“The nkisi has life; if it had not, how could it heal and help people? But the life of an nkisi is different from the life in people. It is such that one can damage its flesh (koma mbizi), burn it, break it, or throw it away; but it will not bleed or cry out… nkisi has an inextinguishable life coming from a source.”
– Nsemi Isaki, 1900
Nkisi makes objects, not tracks. Her music is densely layered and tightly crafted. Its rhythms whorl, its textures mutate. Existing in a state of constant change, these objects shape and reshape themselves, drawing heterogenous sounds and syncopations into their orbits, like nails driven into wood.

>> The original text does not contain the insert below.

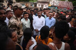चंद्रपूर, 28 ऑगस्ट :- घुग्गुस येथील आमराई वार्डात घडलेली भूस्खलनची घटना अतिशय गंभीर आहे. सुदैवाने यात कोणतीही जीवितहानी झाली नाही. मात्र परिसरातील इतर घरांनासुद्धा असा धोका राहण्याची शक्यता नाकारता येत नाही. भूस्खलनाचा धोका असलेल्या घरांना मुख्यमंत्री सहायता निधीतून तात्काळ 10 हजार रुपये देण्यात येईल, असे राज्याचे वने व सांस्कृतिक कार्यमंत्री सुधीर मुनगंटीवार यांनी सांगितले.

Kill is Nkisi’s first collection of music to receive a physical release, although the sounds contained within seem intent on transcending the limits of their vessel.
These things cover an immense amount of ground, stylistically and rhythmically, journeying through landscapes pockmarked by afro house, techno, gabber, and trance. As they go, they agglomerate new elements consistently and non-linearly, each part adding a new facet, a new optic, a new dimension. “Kill” places polymorphic drums alongside mechanized, precise claps and bass to form an airtight percussive chassis. Giddy tones cascade over its rhythms, taking on various forms: disembodied voices, placid melodies, ominous pulses. Like a mix, these objects transform, passing through phases, their emotional tenor shifting from the tranquil to the ecstatic, hopeful to mournful.
“Can You See Me” has a Neptunesian slur to its beats, its curt hi-hats and hollow bass hits intermingling with languid melody and clipped, sampled voices. It juxtaposes the taut and the fluid, playing with time, the rigidity of its hats washing against the gossamer flow of the synth. The fuzziness of its temporalities — the ways in which they bleed together and split apart — endow the track with a hazy looseness, producing small pockets of space for trills, coos, and chimes to take up residence in between its rhythmic structures.
This is music for CDJs, its tempos malleable, its movement across styles modular. No sound is off-limits. In this way, it reads like a dancefloor-oriented version of Elysia Crampton’s epic collage, retaining that approach’s genre agnosticism while taking care to ensure that its tracks comport themselves properly for the dance floor. “MWANA” brings forward the high-energy trance ‘n’ gabber stylings of her The Dark Orchestra mix, its piston-like percussion washing over the listener, as great waves of sound build deliriously, caustic and lambent. Almost conversely, “Parched Lips” reads as a stylized take on afro house, its edges marked by a rave-y afterglow. It breathes, edges expanding and contracting, bringing in punch-drunk wheezes one moment, mbalax-type drums and quasi-new age keys the next, all while retaining a streamlined force and momentum.
Kill is music as sonic ecology, a drawing together of complex things, each one infused with liveliness and touched by the grain of history. Like the objects from which she takes her name, Nkisi’s music is marked by movement — across space, time, and culture. It is a sonic manifestation of the exchange of sounds and bodies across the Atlantic. Deathly and vibrant. Ghostly music for a haunted world.